AVC: My father would say yes.
LM: That's
a funny father thing to say, but I bet you he knows a deeper truth to that, and
I bet you do too. No, you wouldn't. You wouldn't sleep better. It wouldn't help
people like you more, or help you like them more. It wouldn't help me write better, it wouldn't
make me perform better tonight at the club I'm going to. It wouldn't make me be
a better actor two days ago on the job I just finished, or on one I'm starting
in a couple weeks. Obviously, Seinfeld is a giant show, one of the greatest shows ever made. The writing, the
acting, the combination, could they have cast that any better? Of course not. Could
they have gotten four people who were more iconically perfect for those parts
at that chunk of life? I know I've always made the best decisions I could, and hit
the ball as far as I could. And you know what? When it drops, it's okay with
me.
Waiting For Guffman (1996)—"Glenn Welsch, Mayor"
LM: I sure
have a lot of respect for those guys. Guffman is a very good
movie, it's awfully good, and again, it has nothing to do with me. I just got a
call one day at home here writing, and it was Christopher Guest, and that's a
pretty neat call to get. He was talking to some of the folks over there, and
they were already in production, and someone said I might be good in this,
would I like to come down and play with them. I said of course. They put a
really good group of knuckleheads together, and it was just great to be funny
that way, but also to get to know this group of folks. When one of these things
is made every two or three years, it's just a cool show-business call to get
when you say "Hello?" and you hear [Imitates Guest's voice.] "Hello, Larry, it's
Christopher." So that's cool, and I know all the other actors are the same on
this, this is one deal where everyone just tells their agents and managers,
"Whatever they send, we're just going to do it," no one's going to talk about
it or make offers or counter-offers. They've been very generous. They just send
money, and if the movie's done well—no one's ever done this in show
business. After five or seven months, you get a check, and everyone gets a
little hunk of this. And it's not little, either, it's some good dough, it's
money you live on. And if there's more naturally funny people on the earth than
Christopher Guest and Eugene Levy and Catherine O'Hara, I'd like to know who
they are.
Blonde Ambition (2007)—"Ronald Connelly"
LM: I like
that, I really mean it. Scott Marshall directed that, Garry Marshall's son, and
I really dig the guy. We got a cool time on the set. He knows me, he knows my
work. Ad-lib, rewrite, do everything fast, and I love working with Jessica
Simpson. You know why? She's a young woman, she's obviously holding seven
tigers by the reins here, who knows what life is like when you're in that
world? And she was very nice, very gracious, very cool, and she knew how to
dance, so to speak. If Scotty and I could come over and say "Let's do this, let's
try this four different ways, you'll come over and he'll say this," whatever
she did was fine, because she was going to go along with the stuff we could do.

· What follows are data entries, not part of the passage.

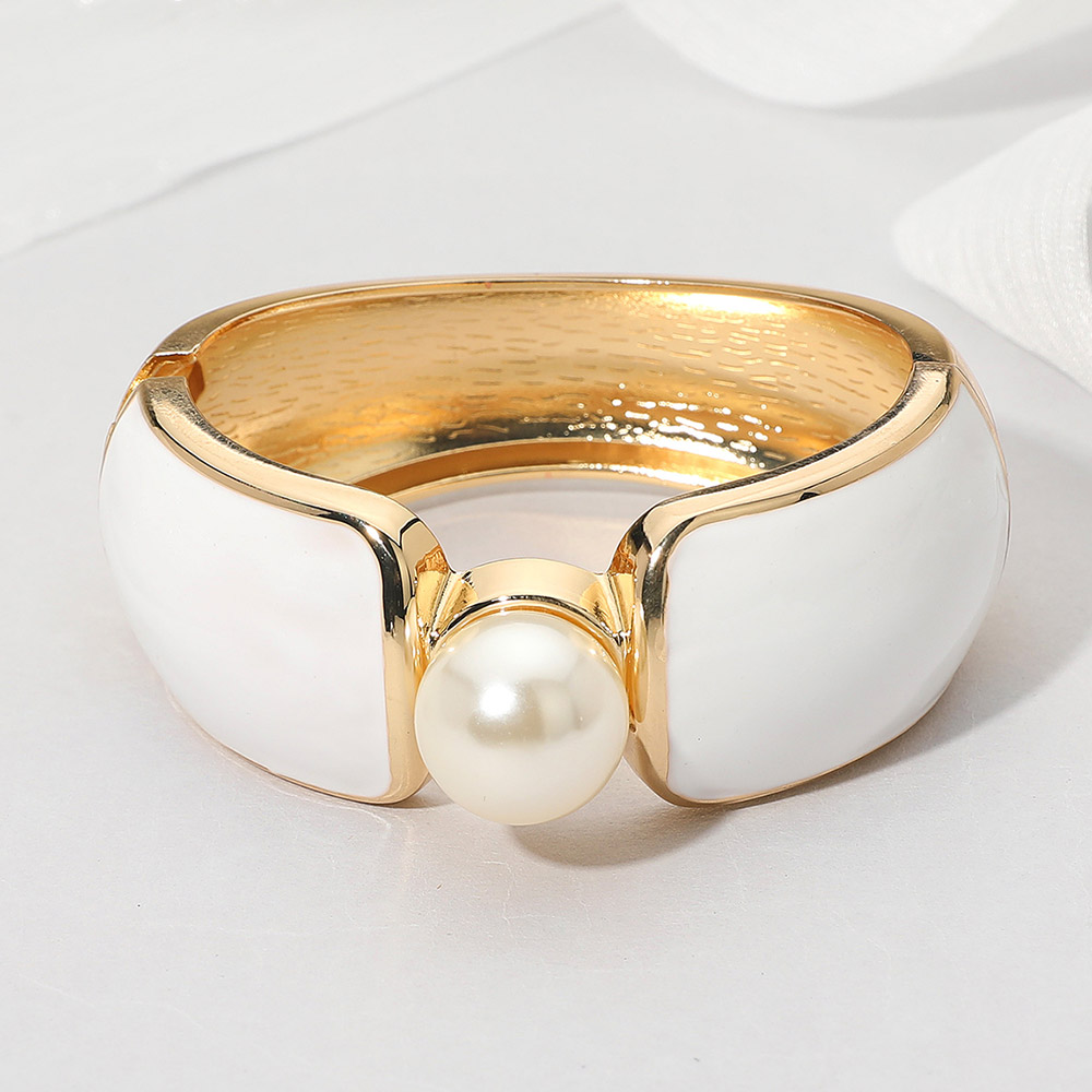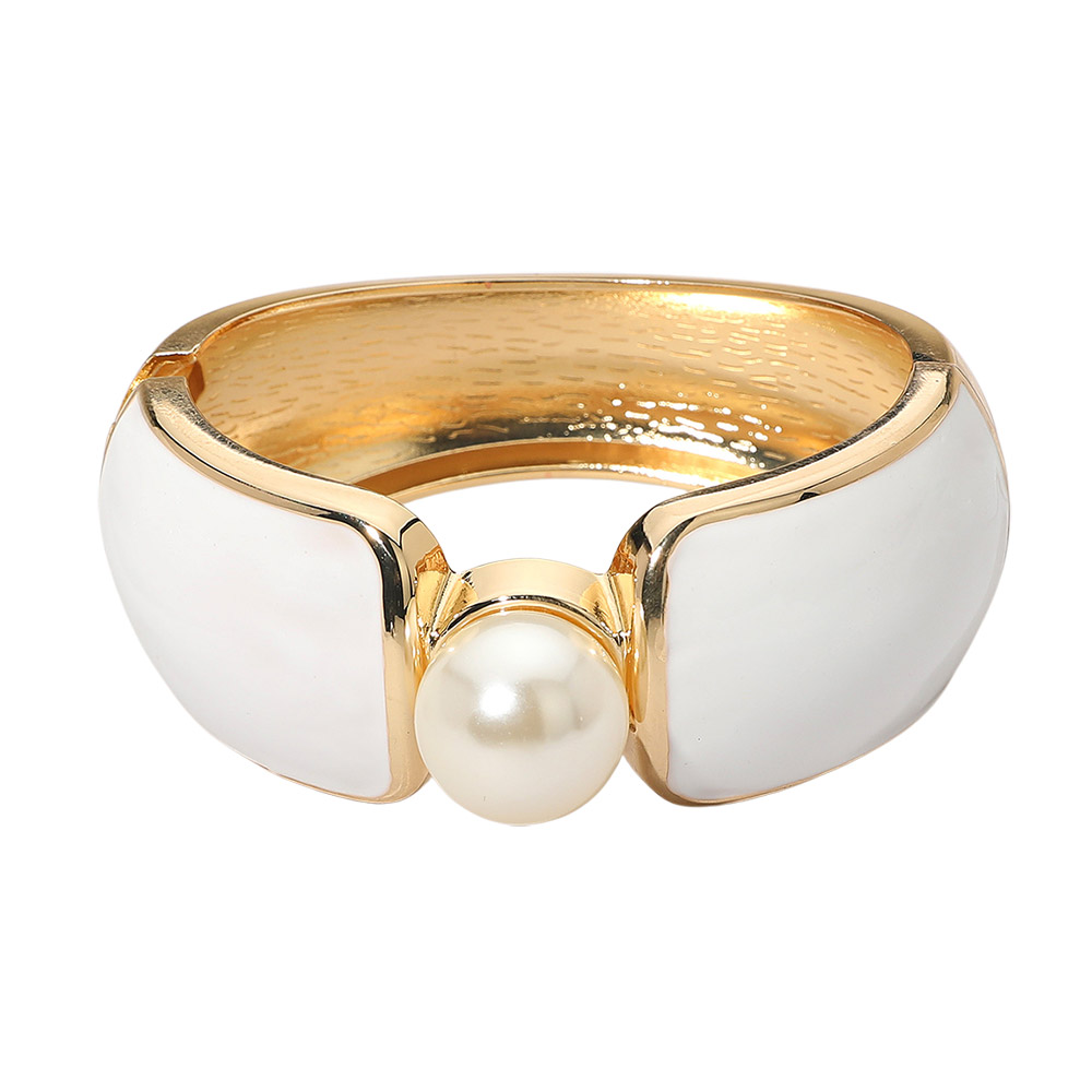Bold Central Pearl Accent Wide Enamel Hinged Bangle Bracelet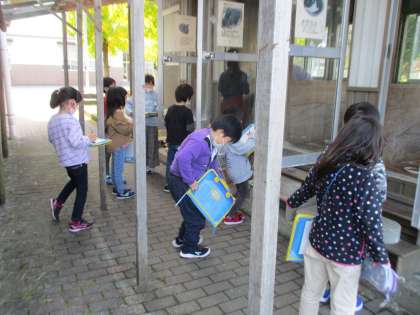 写真は、特徴をとらえようと、ウサギの絵を描いている様子です。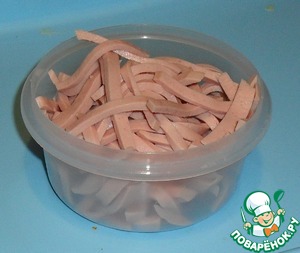 Колбасу нарезать соломкой или натереть на крупной терке или измельчите любым способом.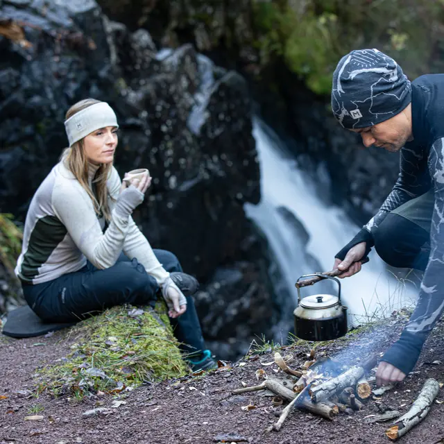 Aclima Lars Monsen Femunden Headband er et elastisk pannebånd i 100 % merinoull med ettersittende passform som egner seg godt under hjelm. Sydd med flate flatlock-sømmer for å unngå at det gnager. Mønster er inspirert av Femunden som er området der Lars Monsen holder til.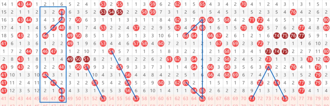 【第二区间41-80】:上期开出6个号码。本期推荐:48-53-57-65-71-75六个号码。48重号考虑,上下对称(如图),同时为8尾斜连号码;53斜连三期,3尾斜连号码;57斜连号码,7尾斜连;65斜连、重号、上下对称号码,四区间较为常见出号形态;71-75斜连号码,金字塔出号形态。区间推荐重点号码:三小区间48-57,四小区间65-75。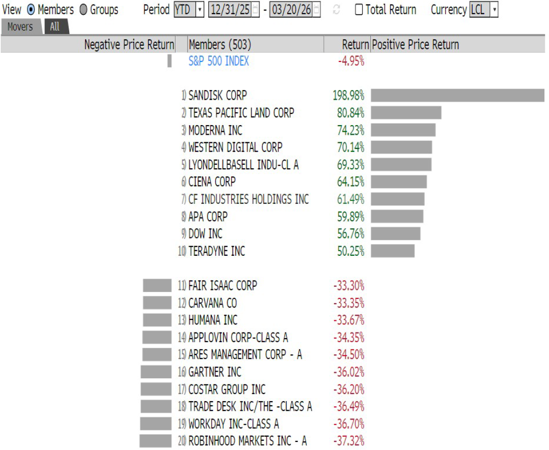 El S&P 500 ha encadenado su quinta semana consecutiva de pérdidas, una racha negativa que no se navegaba desde marzo de 2022. Este retroceso se ve agravado por la entrada del Nasdaq 100 en territorio de corrección -un descenso del diez por ciento desde su máximo reciente-, marcando su caída más profunda desde abril de 2025 (Véase gráfica 1). La escalada bélica entre Irán e Israel, junto al cierre del Estrecho de Ormuz y la posible movilización de tropas terrestres, ha impulsado el crudo Brent hasta los 113 dólares, elevando simultáneamente el índice VIX hasta los 31 puntos, evidenciando un nerviosismo sistémico en los mercados financieros globales.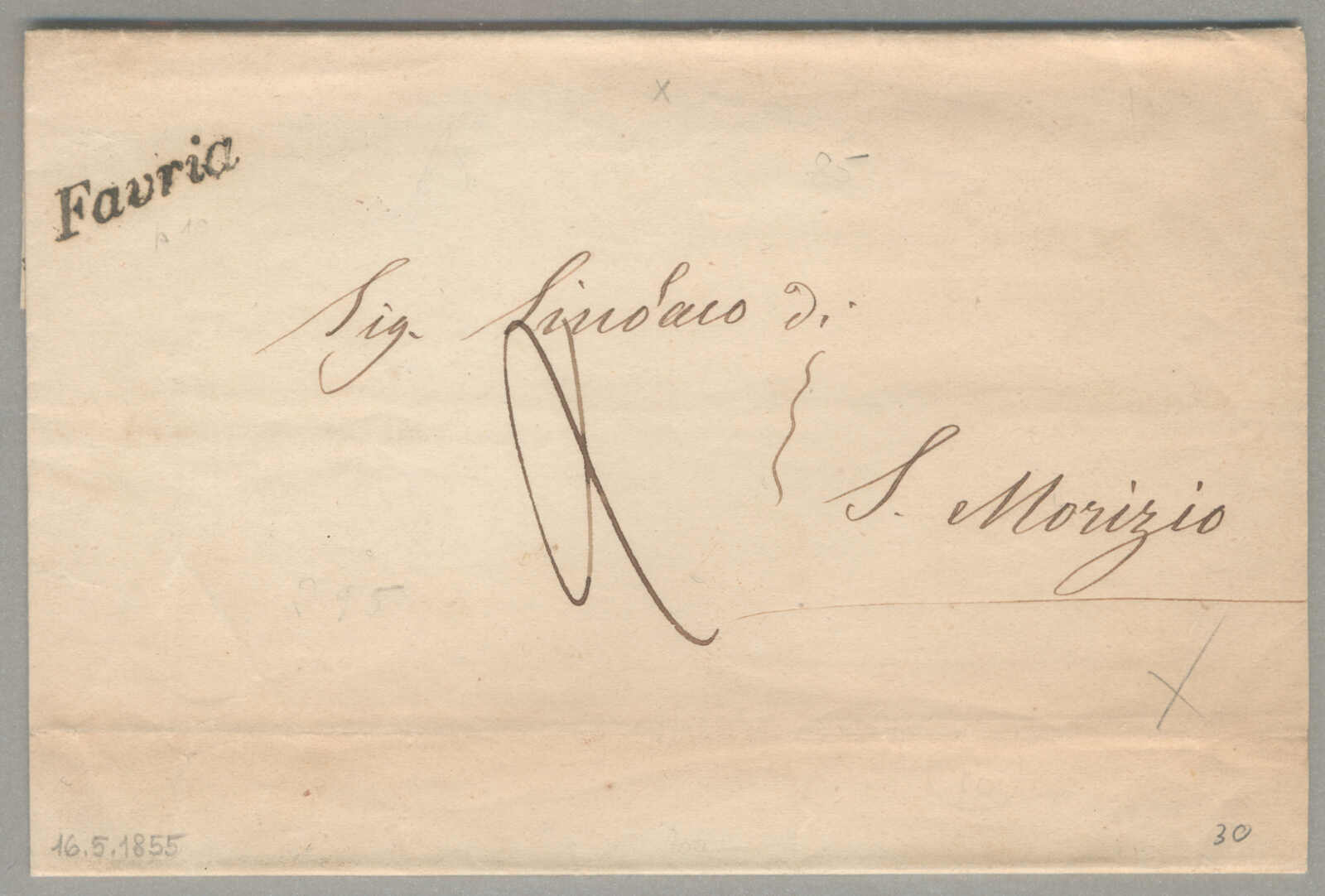 1855, with neatly strike of Favria, on folded letter, ex Provera, XF! Estimate 800€. (Image) (imagea)

I think it's probably a good story and well told, and I had a good time with
Luke Wilson. You know, it's a movie. And I'm a huge fan and friend of Penelope
Ann Miller, and also Penny Marshall who was there. C'mon, it was great. You
spend a week strolling around with these folks having a coffee here or there.
AVC: It takes two people to improvise.
LM: You
know what, though? I'll be honest with you, it's not that. When you have
someone who's a good pro and willing to go along with the program, that's the
best actor in the world. In fact, when Brando died, someone in my acting class
said "Here's hoping we'll be as good as Brando," and I said, "No, that's wrong.
Here's hoping we'll be as good as we can be." So on that set, when you meet
someone who's going to go along with you and just trusts you and what you do,
that's actually the best actor in the world.